It is possible to extend **mkroesti** with new algorithms by specifying third party Python modules that provide these new algorithms. The option to use is **--providers**, the option value is a list of comma separated Python modules that provide the new algorithms. The following example adds algorithms provided by the three new modules *mymodule1*, *mymodule2* and *mypackage.mymodule3* to whatever operation is performed by **mkroesti**:

  **mkroesti** **--providers** *mymodule1*,*mymodule2,*mypackage.mymodule3* [...]

The specified modules must be available for importing via the regular Python module search path. If the modules are not part of the system, it might be necessary to make them known to Python by setting the PYTHONPATH environment variable.

Every module must contain a callable named "getProviders"; this will usually be a function. **mkroesti** invokes the callable and expects to get a list of instances of algorithm provider classes in return. **mkroesti** registers these provider instances in its internal system, just as it does for its own built-in providers. **mkroesti** then goes on to perform whatever operation was requested.

For the gritty details, use **pydoc** to view the API documentation inside the modules **mkroesti.algorithm** and **mkroesti.provider**. It might also be useful to have a look at an example, a good one would be **mkroesti.algorithm.Base64Algorithms** and **mkroesti.provider.Base64Provider**.


ENCODINGS
=========

This section is not relevant if **mkroesti** is run under Python 2.6, because Python 2.6 does not have a binary data type. If **mkroesti** is run under Python 2.6, it always stores the raw, uninterpreted input data inside a string object and passes that string object directly to algorithms - without any conversion. Because no conversion is necessary, the **--codec** command line argument is always ignored.

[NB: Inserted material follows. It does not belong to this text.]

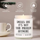 "Hi there! Welcome to the best Gift Manufacturer in the world --- . " We're a small gifts manufacturing company with passion for creativity. Being creative makes us happy and is what drives us to create beautiful signs that promote communication and safety. Having trouble finding a memorable retirement gift for a special one in your life? This scented candle features a witty and funny statement on its label, making it a retirement gift that the recipient will surely enjoy. This is especially true if she's a believer in aromatherapy or someone who loves to collect candles in her home. Why Choose our Aromatherapy Candle? Evenly burn without tunneling, the aroma fills your space quickly. Healthier for you, no toxic fumes are released. Glass packaging (that can be recycled or even reused). Travel size: 3.4 x2.8inches, easy to carry. 7oz, 35h Burn time, Long-lasting scent. Warm Notes: 1. Keep the candle somewhere shady and dry. High temperature and exposure to sunlight can melt the surface of the candle, thereby diminishing the fragrance. 2. Keep the wick trimmed to 0.2-0.3 inches can help the candle burn evenly and ensure long-term use. 3.It is recommended that the candle should not be lit over 4 hours every single time. 【RETIREMENT GIFTS FOR WOMEN MEN】- This candle is a funny gift to wish retiring or newly retired person a happy retirement. If you have a coworker, friend, family member, dad, mom, grandma, grandpa, wife, husband, sister, brother, employee, manager, or boss who is going to retire, give them this humorous candle which put a smile on their face and help them enjoy this special moment. 【CANDLE GIFTS FOR ANY OCCASION】- For one who always fixes problems, the best blessed quote is “not your problem anymore.” Whether retirement party, christmas, farewell, this candle is a great gift idea to congratulate them into next chapter of life, as well as a thoughtful leaving gift, divorce gift, breakup gift or goodbye gift to motivate them to start new journey. 【PLESANT FLORAL SCENT & REUSABLE JAR】- Featuring lavender and eucalyptus scent, the scented candle sets a comfortable mood for those who have worked hard for decades. After full use, this glass jar can be used for decoration and also suitable for placing your small objects. 【CLEAN & LONG-LASTING BURN】- Made with soy wax, this sentimental candle is hand poured in small batches so that you always receive a pure perfect one! Cotton wicks and premium fragrance ensure a clean and even burn, making it destined to burn for a long time, about 35 hours. This scented candle with a 100% cotton wick can provide a constant flame and maintain the ideal size without flickering. 【FUNNY GIFTS READY TO GIVE】- A novelty last minute gift for female or male you appreciate. All candles come packaged in a sturdy box to guarantee it’s intact after delivery. If you are not fully happy with your purchase, please reach out to us directly and we will take care of your issue.
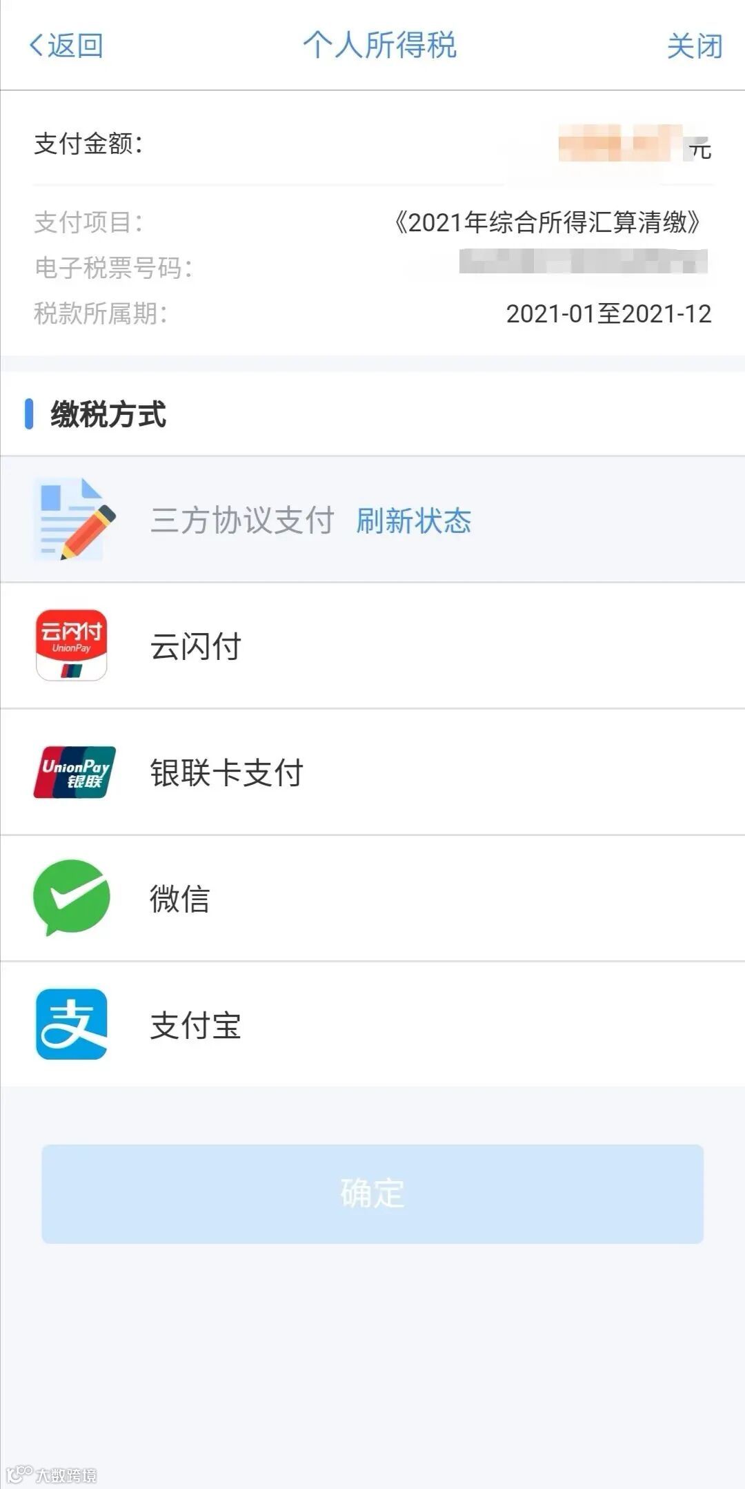申报结果为缴税的,则跳转到缴税页面,您可点击“立即缴税”,通过三方协议支付、云闪付、银联卡支付、微信、支付宝等多种方式完成缴税。

From Python 3 onwards, **mkroesti** treats the input data specified by the user either as binary data, or as string data, depending on the input method that the user chooses:

- Reading from a file (i.e. using **--file**): Input data is treated as binary data.
- Reading from stdin, when stdin is not a tty (i.e. piping the input into **mkroesti**, or redirecting stdin): Input data is treated as binary data.
- Reading from the command line (i.e. using **--batch**): Input data is treated as string data.
- Specifying the input interactively (with or without echo mode): Input data is treated as string data.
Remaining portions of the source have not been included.